# Why absorption/transmission spectroscopic data is normalized?

A typical data processing step for acquired absorption/transmission data is normalizing, i.e. stretching the curve such that it is bounded between 0 and 100%.

However, the absorption/transmission curve changes with the density and thickness of the sample. Moreover, absorption is a non linear phenomena (for example Beer–Lambert law), so I would expect that the relative height of the various peak would not remain constant across several samples of the same material.
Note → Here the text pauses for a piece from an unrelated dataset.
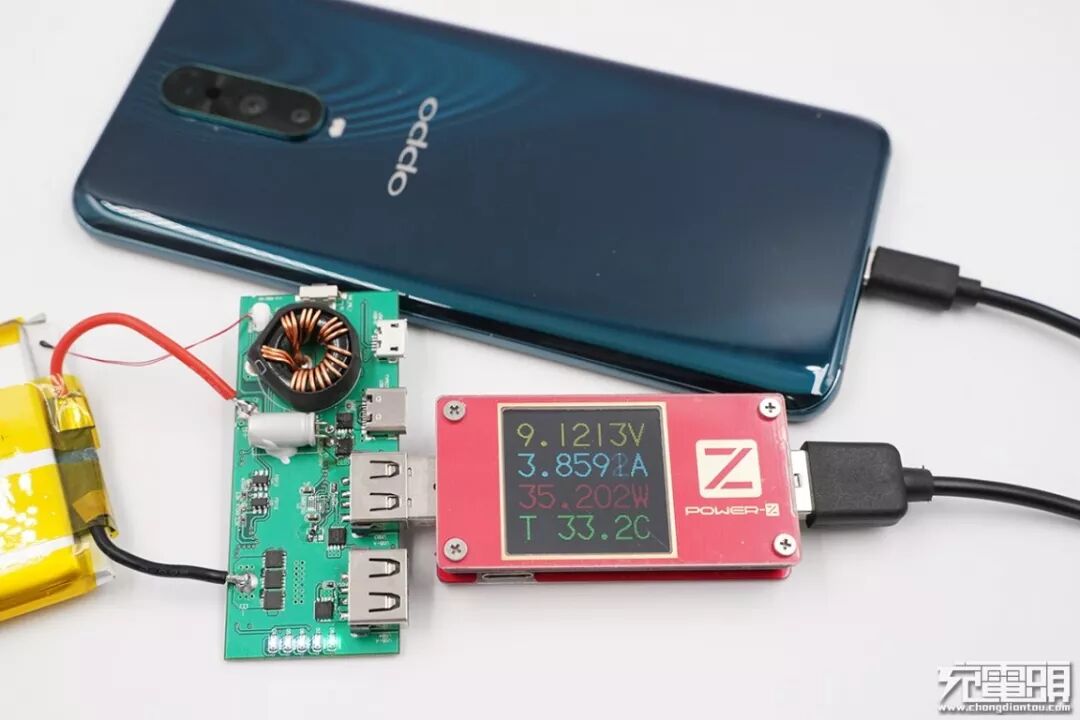 值得一提的是,搭载ELECJET电友套模组的移动电源DEMO通过外挂协议芯片,可以让USB-A接口实现OPPO的10V快充,并且无需借助OPPO原装线缆。实测给Reno Ace充电,电压9.79V,电流为3.86A,充电功率约为37.82W(受电池限制,移动电源DEMO的输出进行了限流处理)。

Why, therefore, is it justified to normalize acquired spectroscopic data? Why not present data with original abs./trans. values, while providing details about the sample itself (for example thickness)?

In addition, how can spectroscopy be quantitative if the relative height of the peaks changes with illumination/thickness/density/etc.?

• The Beer Lambert Law is explicitly a linear relation. I'm some confused about this question. At constant thickness, the Law is linear with chemical concentration. At constant concentration, the Law is linear with pathlength (thickness) – Lighthart Dec 18 '15 at 20:54
• @Lighthart how is BL linear? it is exponentially decaying with penetration depth. – Sparkler Dec 18 '15 at 20:57
• Absorbance equals molar absorptivity times concentration times path length? life.nthu.edu.tw/~labcjw/BioPhyChem/Spectroscopy/beerslaw.htm – Lighthart Dec 18 '15 at 22:06
• @Lighthart yeah, but intensity is A = -log T = - log (I / Io). Aren't all measurements intensity based? – Sparkler Dec 18 '15 at 22:29

There is confusion here about absorption at one wavelength and the absorption spectrum. At each wavelength the Beer-Lamber law applies $$I_{trans_{\lambda}}=I_{0_{\lambda}}\exp(-\epsilon_{\lambda} c l)$$ for a compound with extinction coefficient $\epsilon$ at wavelength $\lambda$ and concentration c and path length l.
When an absorption spectrum is produced it is normal to show it as optical density vs wavelength, i.e. $OD_{\lambda}=\log(I/I_0)_{\lambda}=-\epsilon_{\lambda} c l$ and in this case the ratio of peaks for the same compound is constant no matter what the concentration. (Naturally assuming that it does not absorb so much that the instrument fails).